Indonesia Menuju Nepokrasi?
Kolom

Indonesia Menuju Nepokrasi?

Kemunduran demokrasi yang dibajak nepotisme. Pada dasarnya adalah monarki berbasis keturunan dan kroni.

Membusuk lewat Nepokrasi

Nepotisme dikenal sebagai pemahaman kalangan penguasa yang bertendensi menggunakan pendekatan kekerabatan dan kroni dalam pengisian jabatan publik. Berdasarkan regulasi, pengertian nepotisme dijelaskan Pasal 1 angka 5 UU No.28 Tahun 1999 sebagai ”setiap perbuatan penyelenggara negara secara melawan hukum yang menguntungkan kepentingan keluarganya dan atau kroninya yang merugikan orang lain, masyarakat, dan atau negara”. Perbuatan ini sendiri dikualifikasi sebagai tindak pidana oleh Pasal 22 UU No.28 Tahun 1999 dengan ancaman pidana penjara paling singkat 2 tahun dan paling lama 12 tahun dan denda paling sedikit Rp200 juta dan paling banyak Rp1Miliar.

Nepotisme dapat dikategorikan sebagai salah satu bentuk konflik kepentingan yang dilarang dalam penyelenggaraan negara. Alasannya karena akan berujung pada ketidakmampuan bersikap secara adil dan objektif. Akan tetapi, persepsi terhadap nepotisme kerap dipisahkan sebagai persoalan yang legal formal antara hukum dan etika. Salah satu persoalannya adalah akibat penggunaan unsur “secara melawan hukum” dalam Pasal 1 angka 5 UU No.28 Tahun 1999. Persoalan nepotisme harus dianggap melawan hukum ketika terjadi “secara melawan hukum”, padahal nepotisme berakar dari pelanggaran etika. Unsur yang demikian itu pada akhirnya menciptakan kesadaran palsu (false consciousness). Seolah-olah nepotisme baru disebut nepotisme apabila dilakukan secara melawan hukum. Padahal, nepotisme sudah menjadi nepotisme ketika etika konflik kepentingan sudah terlanggar.

Beragam bentuk konflik kepentingan bisa bersembunyi di balik instrumen dan prosedur-prosedur yang didengungkan atas nama demokrasi itu sendiri.

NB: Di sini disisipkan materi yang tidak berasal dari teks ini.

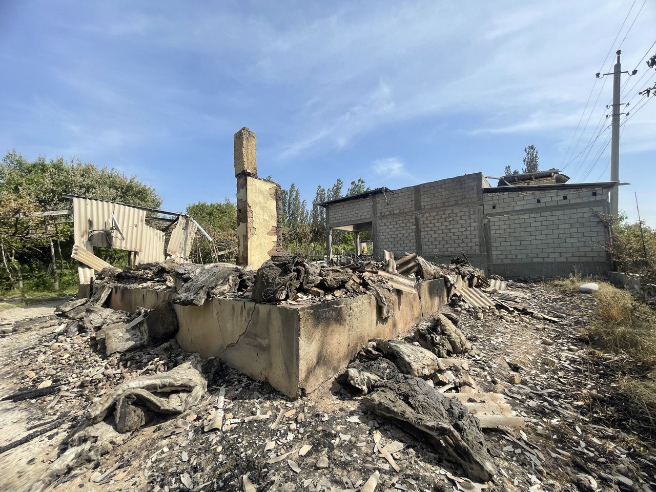 Это фото сделано оператором кыргызстанского портала Kloop Хамидулло Узаковым 2 мая в селе Максат Лейлекского района Баткенской области. Дом принадлежал кыргызстанцу Назимбаю. Жилище сожгли в ночь на 30 апреля.

Atas nama demokrasi—yang dimaknai sempit sebagai kontestasi elektoral semata—, nepotisme bisa berlindung dan tumbuh subur di baliknya. Alih-alih dihindari, nepotisme justru dianggap sebagai salah satu strategi. Nepotisme bahkan menjadi sesuatu yang dikompetisikan.

Awalnya nepotisme dikompetisikan secara tersembuyi, lalu bergerak menjadi terbuka. Nepotisme tersembunyi misalnya terjadi pada tataran internal partai politik saat pencalonan peserta pemilu. Wujudnya ialah penentuan bakal calon atau nomor urut calon anggota legislatif yang mengutamakan kerabat atau kroni.

Nepotisme secara terbuka dipertontonkan ketika meletakkan anak atau sanak saudara sebagai calon penerus kekuasaan melalui sarana pemilu. Bahkan itu dilakukan dengan memaksa atau mendorong birokrasi untuk berpihak.

Situasi ini mengubah demokrasi menjadi nepokrasi. Kesadaran rakyat dimanipulasi oleh pemahaman bahwa semua proses pemilihan adalah demokratis. Padahal, opsi pilihan jelas-jelas dibatasi dan diarahkan kepada proses yang nepotisme.

Memilih Nepokrasi

Eksistensi nepokrasi adalah hasil pilihan. Nepokrasi hanya timbul apabila demokrasi mengalami pembusukan. Pembusukan itu sendiri bisa saja bersumber dari hasil pemilu yang berlindung pada prinsip “demokratis”. Pemilu yang berperan untuk sirkulasi kekuasaan tetapi dijalankan dengan krisis ide hanya akan mereduksi esensi pemilu. Pemilu yang memiliki makna kedaulatan rakyat bisa direduksi menjadi sarana transfer kedaulatan rakyat kepada elit.